You are viewing a plain text version of this content. The canonical link for it is here.
Posted to solr-user@lucene.apache.org by Stuart Smith <st...@yahoo.com> on 2011/05/12 22:46:16 UTC

A couple newbie questions

Hello!
  I just started using Solr. My general use case is pushing a lot of data from Hbase to solr via an M/R job using Solrj. I have lots of questions, but the ones I'd like to start with are:

(1)
I noticed this:
http://lucene.472066.n3.nabble.com/what-happens-to-docsPending-if-stop-solr-before-commit-td2781493.html

Would seem to indicate that pending documents are commited on restart. This is great! I also noticed, that while there is a lag on start up if I have documents pending - it's only a few minutes or so. But if I issue a commit for the same number of files, the server stays blocked for 20 min or so. It almost seems like it would be a faster to add all my documents and restart the server, rather than issuing a commit. Am I doing something strange? Is this a valid conclusion?

(2)
I'm also getting a lot of errors about invalid UTF-8:

SEVERE: org.apache.solr.common.SolrException: Invalid UTF-8 character 0xffff at char #2380289, byte #2378666)
	at org.apache.solr.handler.XMLLoader.load(XMLLoader.java:79)
	at org.apache.solr.handler.ContentStreamHandlerBase.handleRequestBody(ContentStreamHandlerBase.java:55)
	at org.apache.solr.handler.RequestHandlerBase.handleRequest(RequestHandlerBase.java:129)
	at org.apache.solr.core.SolrCore.execute(SolrCore.java:1360)
	at org.apache.solr.servlet.SolrDispatchFilter.execute(SolrDispatchFilter.java:356)
	at org.apache.solr.servlet.SolrDispatchFilter.doFilter(SolrDispatchFilter.java:252)

It could be that the values I have in some of my document fields is indeed invalid.
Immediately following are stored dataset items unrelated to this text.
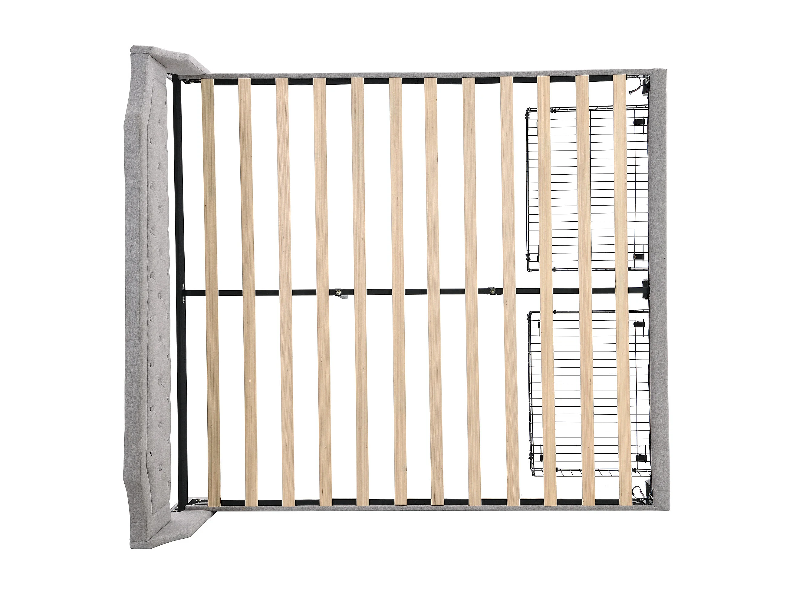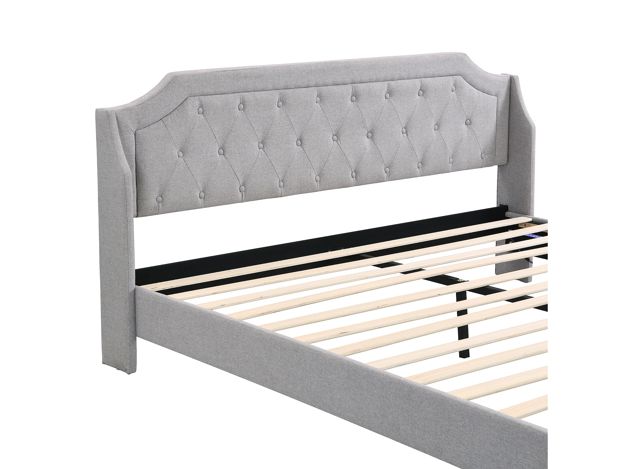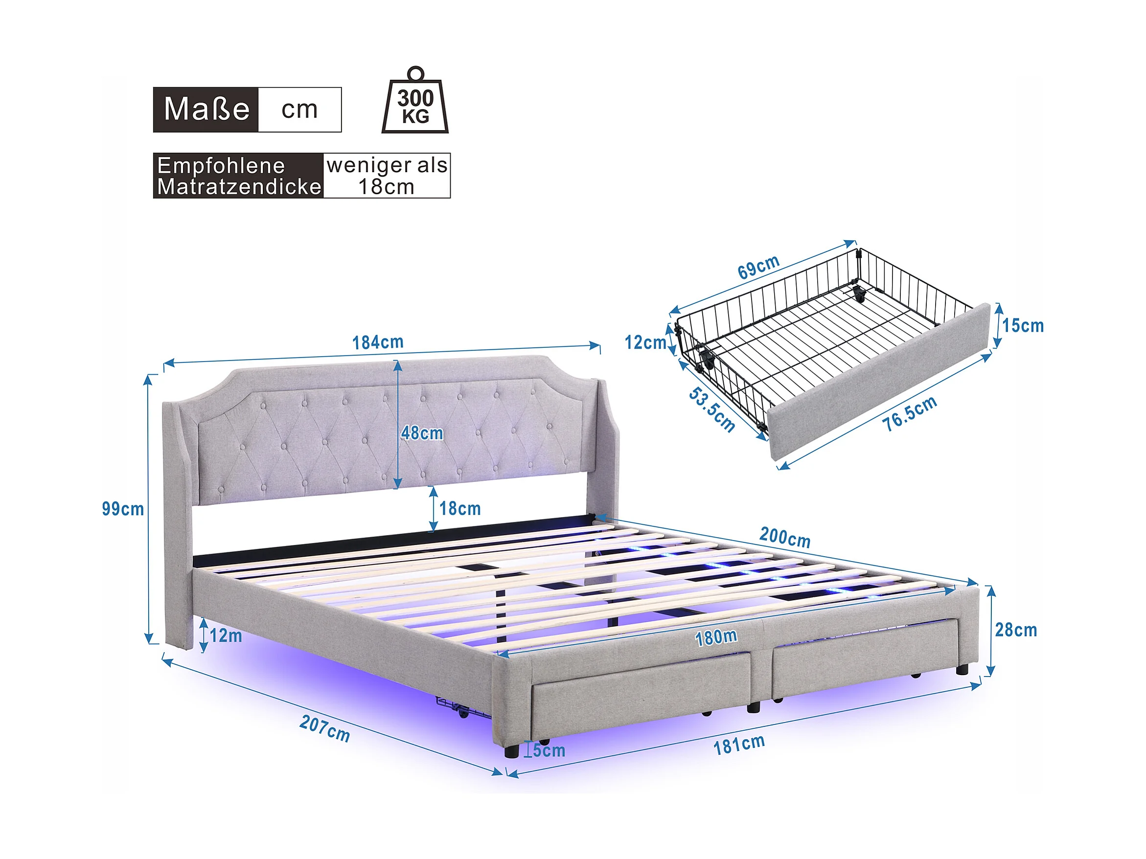 Lit double Lit adulte 180x200 cm avec 2 tiroirs, tête de lit, éclairage LED, tissu en lin gris, sans matelas
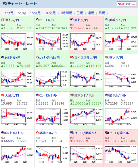 週明け、ドル円は20pips程上窓を開けてのスタート、対してクロス円は円高に振れてのスタートだお。
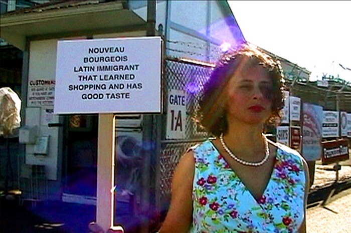 Proyecto AMIL presented “Videos de esta mujer: registros de performances 1997-2010,” the first comprehensive solo exhibition dedicated to the work of Peruvian feminist performance artist Elena Tejada-Herrera, curated by Florencia Portocarrero. Heavily influenced by the theater of daily Limeño street life, as well as by the terrorism and humanitarian violations committed by the regime of Alberto Fujimori, Tejada-Herrera’s work is indicative of a kind of South American political-conceptualist practice that evolved largely outside the influence of earlier performance artists in the United States and Europe and that is only just beginning to receive its due.

My question is what does this mean when I'm submitting a batch of documents (specifically I'm using Solrj's StreamingUpdateSolrServer w/ a BinaryRequestWriter) - do I:

- lose the whole batch that has the bad document?
- lose the document?
- lose the one field?

I wish it was the third, hope it's the second, and I'm afraid it's the first...

Ooo.. and I guess a third question - I'm having trouble finding a document that describes the overall design/functionality of Solr, something that would help me reason about stuff like "what happens to pending documents when the server restarts" or "does a commit in one indexing thread commit previously added documents from another indexing thread". Both of those I've answered to my satisfaction by looking over the Solr logs & mailing lists, but I'm wondering if there's some documentation I missed somehow..
For example, something like this:
http://hadoop.apache.org/common/docs/current/hdfs_design.html
http://hbase.apache.org/book.html#architecture

Thanks!

Take care,
  -stu